Глаза стали закрываться, и бороться с дремотой становилось
труднее. Наверное, я бы поддалась ей, если бы внезапно ухнувшая сова,
пролетавшая неподалёку, в одно мгновение не выдернула меня из цепких объятий
сна, заставив вспомнить, что спать сейчас нельзя ни в коем случае.
Внизу в лунном свете блеснула река, к ней-то мы и стали
снижаться. Только когда до земли оставалось не больше пары метров, я заметила на
опушке дремучего леса, разросшегося по всему склону, небольшой домик, в окнах
которого горел свет.
Чем ближе мы подлетали к избушке, тем меньше мне хотелось в
неё заглядывать: уж очень она напоминала ту самую, из сказок, где жила
приветливая хозяйка с костяной ногой, способная и накормить, и в баньке
попарить… и зажарить в печи.
Возможно, я себя накручивала, но после того, что успела
увидеть за последние пару часов, каждый кустик мне казался подозрительным, не
говоря уже об одинокой избушке в лесу. Тем более, что видела я её со спины
крылатого существа, похожего на лошадь. Так что закрадывающиеся смутные
сомнения казались вполне естественными.
Лошадиные копыта вонзились в землю, перепончатые крылья,
сделав по инерции пару резких взмахов, сложились вдоль упитанных боков, а я
по-прежнему продолжала цепляться за роскошную чёрную гриву, словно за
спасательный круг, оттягивая момент, когда нужно спускаться на землю.

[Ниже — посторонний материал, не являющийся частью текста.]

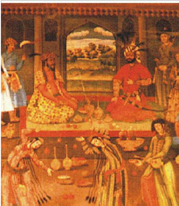
Прием иностранных послов шахом Тахмасибом I
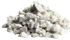
Marmorkross Vit 20 kg 8-16 mm. 3 cm lager, 45 kg/kvm
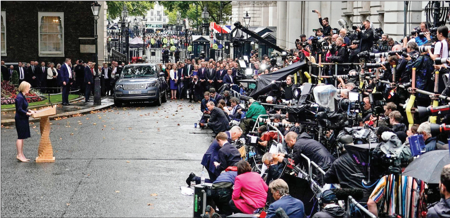
انعام استغفای لیز تراس در مقابل خبرتخت‌وزیری عین
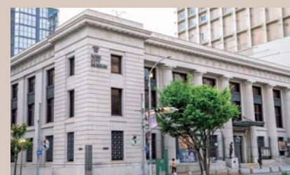
堂々たる旧居留地のランドマーク

Наш транспорт с этим решением был категорически не согласен,
о чём и поспешил известить лёгким взбрыкиванием.
— Ладно-ладно, слезаю. Нервный ты какой-то, — ворчала я,
буквально сползая на землю, поскольку за время полёта отсидела себе всё, что
только можно. Твёрдо встала на ноги, сняла с лошадиной спины полусонную Маришку,
погладила бархатистый бок и пробормотала: — Спасибо, Сивка!
Тот удивлённо вскинул голову, кося на меня лиловым глазом — видимо,
не рассчитывал на такие телячьи нежности — и внезапно боднул меня в ответ мордой
в плечо, да так, что, пошатнувшись, я чуть не растянулась в высокой траве,
влажной от росы, удержавшись только чудом.
С языка уже готово было сорваться крепкое словцо, когда
справа подозрительно треснул сухой сучок, мгновенно напомнив о материнском
предупреждении.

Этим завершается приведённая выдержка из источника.